[RECORDED DATA Boundary: Start]

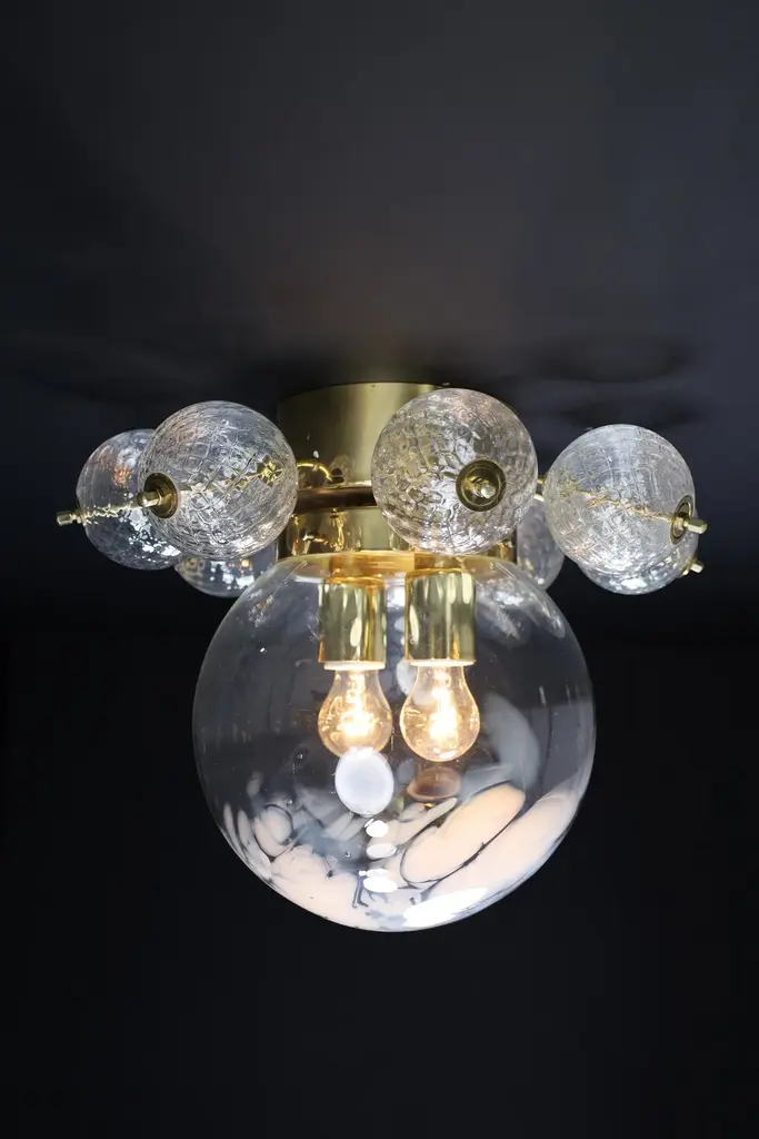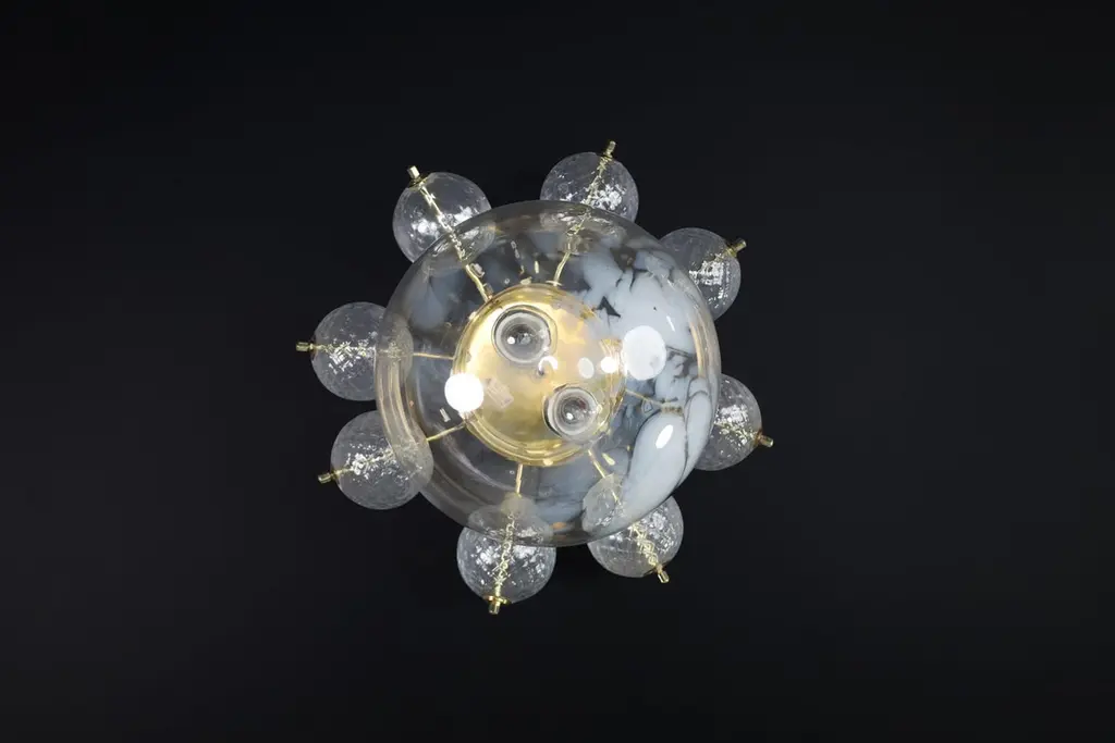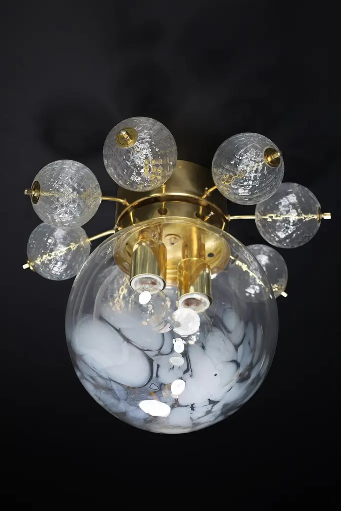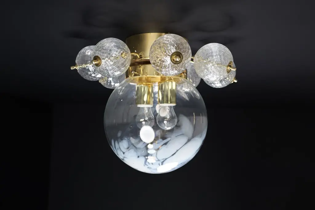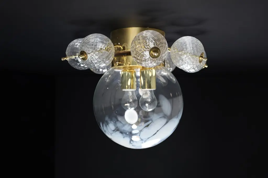 Bohemian Glass Flush Mount Ceiling Lamp, Prague, 1960s — 4 Available, Priced Per LightThis striking Bohemian flush mount ceiling lamp hails from 1960s Prague and exemplifies the elegance of Czech mid-century lighting design. Each fixture blends sculptural form with masterful craftsmanship, making it a standout piece for any interior.The lamp features a large, hand-blown central globe with swirling white patterns, evoking a dreamlike, ethereal effect. Surrounding it are eight smaller, textured cut-glass spheres arranged in a precise radial design, all supported by a polished brass frame. The combination of materials creates a beautiful interplay of light, texture, and reflection.Each pendant has been professionally restored and thoroughly cleaned. The lights are newly rewired to meet US, UK, EU, and Asia electrical safety standards and are fitted with E27 sockets, making them compatible with both LED and incandescent bulbs. This ensures they are not only visually stunning but also safe and ready for immediate use worldwide.Ideal as a single statement piece or in a coordinated series, these flush mounts work beautifully in entryways, dining areas, hallways, or bedrooms. Their low profile also makes them suitable for rooms with lower ceilings.Details:Origin: Prague, CzechoslovakiaPeriod: 1960sStyle: Mid-Century Modern / BohemianMaterials: Hand-blown and cut glass, polished brassDiameter: 47 cmDepth: 36 cmCondition: Excellent vintage condition; fully restoredElectrical: Rewired to meet international standards (US, UK, EU, Asia); E27 socketsQuantity Available: 4Price: Listed price is per lightThese rare vintage pieces celebrate the golden age of Czech glass artistry and offer both form and function in a timeless design.
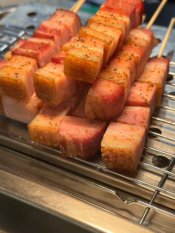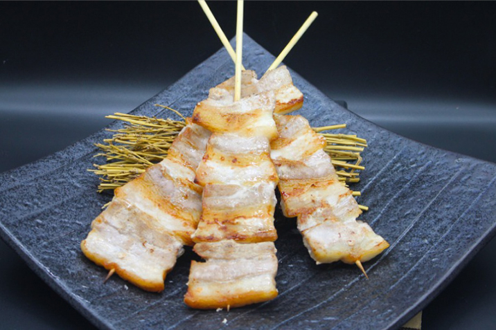 自社製品の大きなダブルスモークベーコンを串に刺して香ばしく焼きあげたもの。ビールとの相性抜群です!
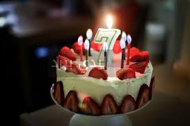 كعكة العيد ميلاد ب رقم 7 الشمعة المضاء معرض الأشكال K34152854 Fotosearch
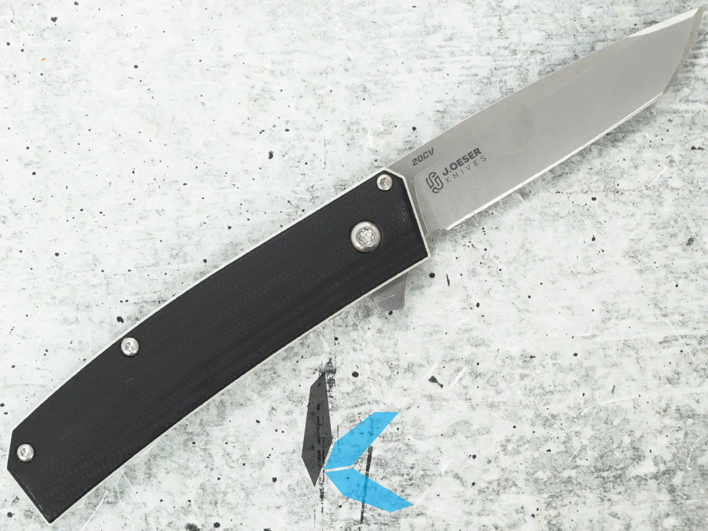 The Tengu features a CPM-20CV stainless steel tanto blade with a satin finish, delivering excellent edge retention and corrosion resistance. Its dual-layer G10 handle, combining black contoured scales over a white base with a polished shield inlay, provides a striking and comfortable grip. Smooth flipper action and a reliable liner lock mechanism round out this classy, functional design.
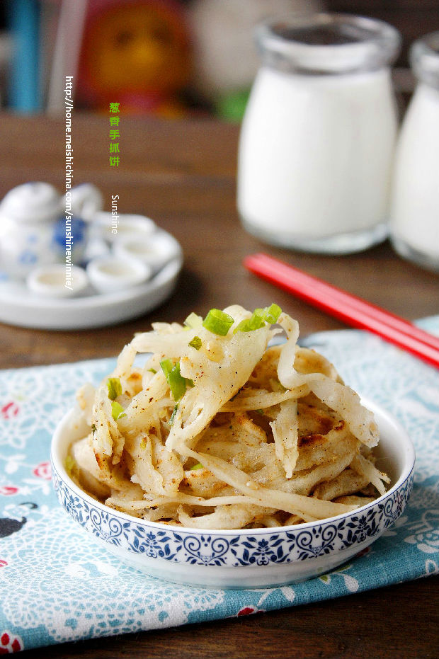 中国人的早餐品种非常丰富,不同省市之间喜欢的早餐差距也蛮大的,比如说武汉的热干面,襄阳的牛肉面,成都的肥肠粉,绵阳的米粉,重庆的小面等等,但也有比较传统的通用早餐,比如说油条、馒头、花卷、包子等等,喝的一般就是豆浆、牛奶,今天这些都不吃了,试试手抓饼吧,做的时候就葱香四溢,吃的时候再配上牛奶或豆浆,美味营养的早餐就这样炼成了。

[RECORDED DATA Boundary: End]

▶ _EXERCISE_: Exactly as written, restate the lines above from the opening line through the one holding "The Tengu features", omitting the pictures.

▶ _EXPECTED ANSWER_:
 Bohemian Glass Flush Mount Ceiling Lamp, Prague, 1960s — 4 Available, Priced Per LightThis striking Bohemian flush mount ceiling lamp hails from 1960s Prague and exemplifies the elegance of Czech mid-century lighting design. Each fixture blends sculptural form with masterful craftsmanship, making it a standout piece for any interior.The lamp features a large, hand-blown central globe with swirling white patterns, evoking a dreamlike, ethereal effect. Surrounding it are eight smaller, textured cut-glass spheres arranged in a precise radial design, all supported by a polished brass frame. The combination of materials creates a beautiful interplay of light, texture, and reflection.Each pendant has been professionally restored and thoroughly cleaned. The lights are newly rewired to meet US, UK, EU, and Asia electrical safety standards and are fitted with E27 sockets, making them compatible with both LED and incandescent bulbs. This ensures they are not only visually stunning but also safe and ready for immediate use worldwide.Ideal as a single statement piece or in a coordinated series, these flush mounts work beautifully in entryways, dining areas, hallways, or bedrooms. Their low profile also makes them suitable for rooms with lower ceilings.Details:Origin: Prague, CzechoslovakiaPeriod: 1960sStyle: Mid-Century Modern / BohemianMaterials: Hand-blown and cut glass, polished brassDiameter: 47 cmDepth: 36 cmCondition: Excellent vintage condition; fully restoredElectrical: Rewired to meet international standards (US, UK, EU, Asia); E27 socketsQuantity Available: 4Price: Listed price is per lightThese rare vintage pieces celebrate the golden age of Czech glass artistry and offer both form and function in a timeless design.
 自社製品の大きなダブルスモークベーコンを串に刺して香ばしく焼きあげたもの。ビールとの相性抜群です!
 كعكة العيد ميلاد ب رقم 7 الشمعة المضاء معرض الأشكال K34152854 Fotosearch
 The Tengu features a CPM-20CV stainless steel tanto blade with a satin finish, delivering excellent edge retention and corrosion resistance. Its dual-layer G10 handle, combining black contoured scales over a white base with a polished shield inlay, provides a striking and comfortable grip. Smooth flipper action and a reliable liner lock mechanism round out this classy, functional design.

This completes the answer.